Stress and strain analysis of metal plates with holes

With our final goal of understanding how metal connectors used for housing respond to hurricane wind loads, we have conducted Finite Element Analysis (FEA) on metal plates with holes. FEA models have been built to analyze the stress and strain distributions in tensile-loaded, rectangular aluminum and tin plates. The specimen is 20 - 25 mm wide, 0.1 - 10 mm thick, and 100 mm long in the direction of the tensile axis along which two holes are drilled. We have varied the plate thickness and the hole-to-hole distance to study their effects.
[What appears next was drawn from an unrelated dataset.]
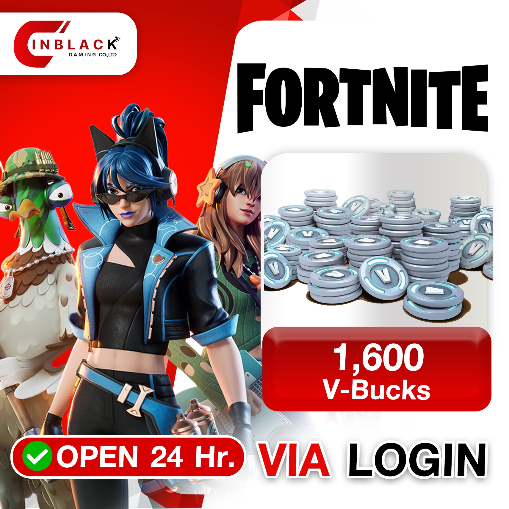 Fortnite (GL) - 1600 V - Bucks Top up Via LOGIN By Inblackm Open 24 hr.

We have also conducted tensile experiment for specimens of the same materials and dimensions as the FEA using an optical interferometer to analyze the in-plane strain field. Comparison of the FEA and experiments indicates that band-like interferometric fringe patterns representing strain concentration coincides with the region where the von-Mises yield criterion is satisfied and that the specimen fractures at the hole that shows more concentrated plastic strain. These band-like patterns run through holes at about 45 deg to the tensile axis. Sometimes two conjugate bands cross at the hole. FEA with various thicknesses indicate that there is an optimum thickness at which the maximum plastic strain observed at an edge of the hole is minimized. This optimum thickness depends on the in-plane dimension of the specimen, but it always makes the plastic strain most evenly distributed between the two holes.